We then heard from head of networks Fredrik Jejdling (pictured), who offered an update on the state of play with 5G. Unsurprisingly he announced that 2020 is all about scaling up for 5G, with subscriptions expected to jump from 13 million to 100 million, much of which will be driven by China. Ericsson itself now has 81 5G commercial agreements with 49 customers and 25 live 5G networks worldwide.
Why these 87 million people will decide 5G is such a great idea, however, remains unclear. On the consumer side Jejdling referred to good old gaming and VR/AR, but there’s still little sign of the eagerly-awaited surge in demand for that stuff. The B2B case for 5G right now is stronger, with smart factories, private networks and that sort of thing achieving some traction, or so we were told.
There was a brief part of the presentation devoted to ‘beyond 5G’, but sadly the number 6 failed to make an appearance. In the Q&A Ericsson was asked why it’s 18 months behind Huawei on 5G and responded that it’s not. Jejdling was then asked if Ericsson was only a member of the ORAN alliance in order to undermine it. He responded in the negative, while at the same time stressing that ORAN isn’t much use right now.

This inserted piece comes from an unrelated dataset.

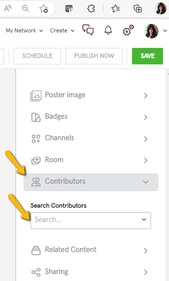 - When creating a post, the feature is located in the right-hand panel just below the Channel and Room tabs. Click “Contributors” and begin typing a name into the search box. Select the individual or organization once it appears.
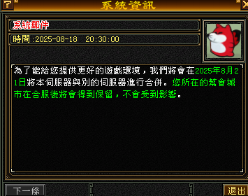 3.請特別注意!收到(系統郵件)通知(為了能給您提供更好的遊戲環境,我們將會在2025年8月21日將本伺服器與別的伺服器進行合併,您所在的幫會城市在合服後將會得到保留,不受影響),此訊息為錯誤的!

Other than that there was the usual flurry of press releases, originally intended to beat the MWC rush, but now in danger of getting in each others’ way. The fun one was Ericsson’s claim to have broken the 5G speed record by clocking up 4.3Gbps over 800MHz of millimetre wave spectrum, which is nice. Other than that there were some new bits of Ericson’s 5G core, an AI boost to its network services offering and an Austrian IoT deal win.
Through no fault of Ericsson’s (although it could be argued they were the first major domino to fall) the cancellation of MWC made its preview event feel a bit flat. Nothing has actually changed of course, deals will still get done and stories written, but it was hard to get excited about networky stuff when the industry networking event of the year had just been taken from us.
UPDATE, 11:00 14 Feb 2020 – We reported that ‘Ericsson itself now has 81 5G commercial agreements with 49 customers and 25 live 5G networks worldwide.’ Those datapoints should have been qualified as follows: 81 commercial 5G agreements and 24 live 5G networks worldwide. 49 5G Core commercial contracts and 25 live 5G Cores. Apologies for any confusion caused. Ericsson has also publicly announced 35 5G contracts.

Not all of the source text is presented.